A joint paper from Google Research and Amherst demonstrates SOTA results on the KILT Long-form Question Answering benchmark, all while pointing out flaws in the evaluation system itself.
Context
As the field of Natural Language Processing (NLP) progresses, research teams are showing impressive results on tasks that seemed impossible just a couple of years ago. One of these tasks is open-domain Long-form Question Answering (LFQA). As is discernible in the task's name, the goal is to provide an elaborate paragraph-length answer given a question by retrieving relevant documents.
LFQA's younger brother, QA (open-domain Question Answering), has seen immense progress recently. The number of widely available datasets and concise benchmarking systems (e.g. SQuAD) are certainly responsible in part for these advances. Which brings us to the following question: are current benchmarks and evaluation metrics suitable for stimulating progress on LFQA?
What's new
Last week, researchers from Amherst and Google Research published “Hurdles to Progress in Long-form Question Answering”, a paper that will appear in NAACL 2021 (North American Chapter of the Association for Computational Linguistics).
The paper lays out the methodology used in their submission on KILT, a benchmark for Knowledge Intensive Language Tasks. While their submission tops the leaderboard on ELI5 (the only publicly available LFQA dataset), the authors posit that there are some flaws to the evaluation framework itself.
The model presented by the authors leverages two recent advances in NLP to achieve SOTA results:
- A sparse attention model such as Routing Transformer (RT), allowing for scaling the attention-based mechanism to long sequences.
- The RT model is able to reduce the attention mechanism complexity in the Transformer model from n2 (quadratic) to n1.5 (n being sequence length).
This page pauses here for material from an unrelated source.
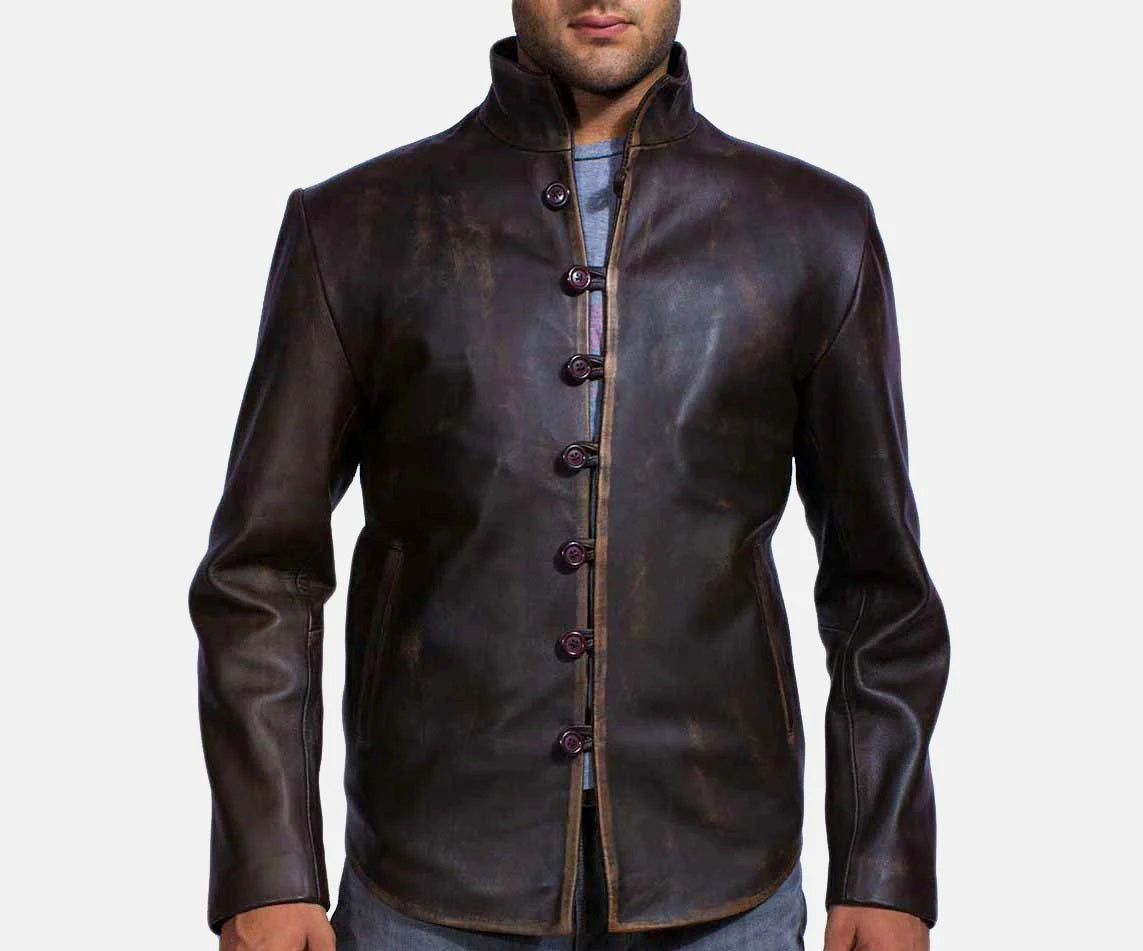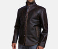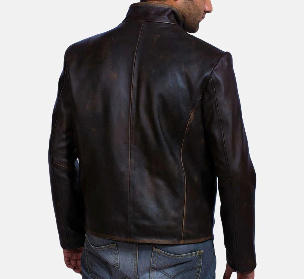 Men's Motorcycle Distressed Brown Leather Jacket - Genuine Lambskin Leather Cafe Racer Jacket - Biker Band Collar Jacket

Compared to models like Transformer-XL, it enables each token to attend to other tokens anywhere in the sequence, not only those in the immediate vicinity.
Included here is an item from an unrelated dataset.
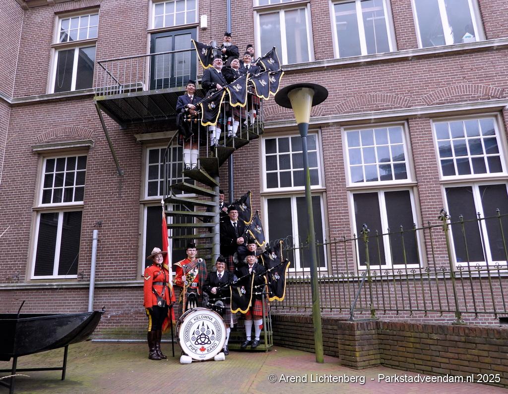 Zondagmorgen werden de 80 leden van de Kelowna Pipe Band uit Canada op het gemeentehuis van Veendam ontvangen door burgemeester Annelies Pleyte en wethouder Henk Jan Schmaal.

- A retrieval based model based on REALM with contrastive loss, aptly called c-REALM. This retrieval method "facilitates retrievals of Wikipedia articles related to a given query."
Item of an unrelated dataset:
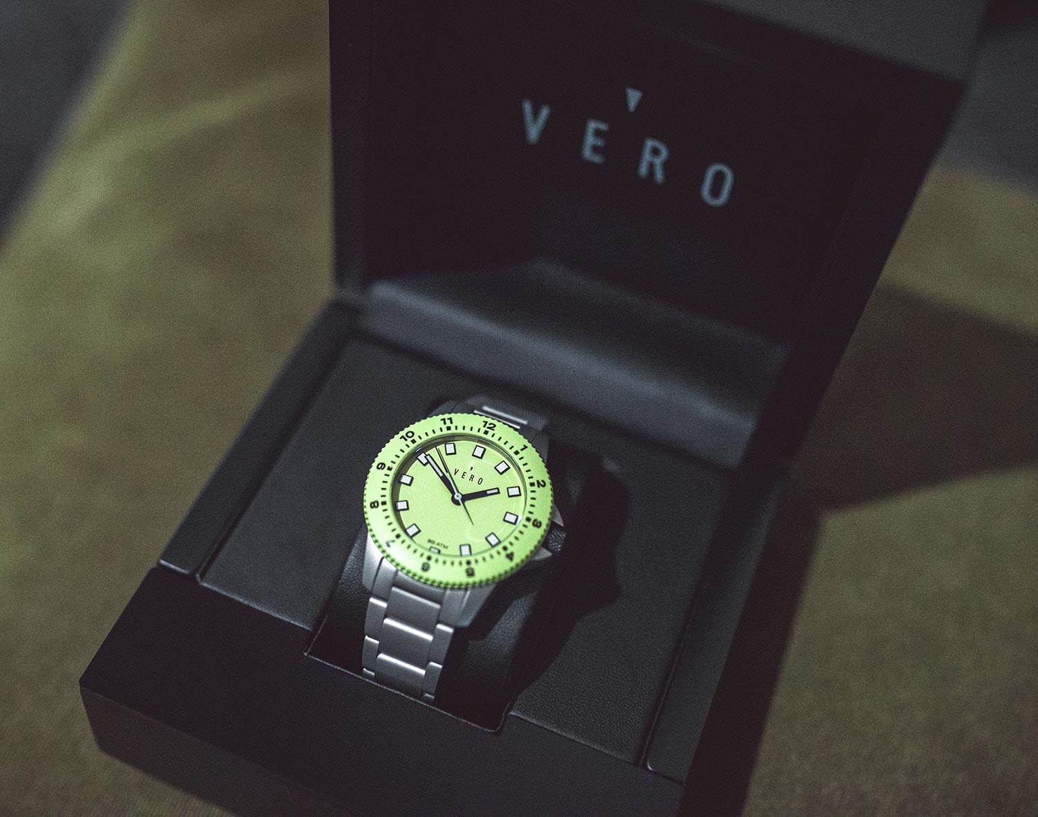 The Vero Open Water 38 swell is not your average-looking watch; the bold yellow/green face is not something that would work for every occasion. First and foremost, it is a timepiece that has been designed for the active consumer – it looks its absolute best when paired with sporty-looking clothing (outdoor adventure gear or even gym wear). That said, it can still look good with casual attire if paired correctly. Just remember to take advantage of the vibrant facia colour to complement your outfit choices.

For some examples of some LFQA pairs, refer to Google's blog postdiscussing the paper.
The evaluation framework (KILT) uses to metrics: (1) Precision (P-Rec) and (2) ROUGE-L
Despite their SOTA results, the authors point out some remaining issues with the KILT evaluation framework.
- There is little evidence that models are actually using retrievals on which they are conditioned.
- Trivial baselines such as input copying and random training set answer achieve relatively high ROUGE-L scores, even beating some models such as BART + DPR. This can be observed in the figure below, taken from Google's blog post.
- There is implicit train/validation overlap in the ELI5 dataset. In fact, some questions seem to be paraphrased versions of other questions, as shown below.


Why it matters
Achieving SOTA results in LFQA is quite impressive, and is a promising step forward for the NLP community. However, as pointed out in the paper, there remain several issues in the current benchmarking framework for the task. For concrete advances to be made, there needs to be a fruitful environment that allows researchers to compare models on solid datasets by using relevant evaluation metrics.
What's next
As stated by the authors themselves: "We hope that the community works together to solve these issues so that researchers can climb the right hills and make meaningful progress in this challenging but important task."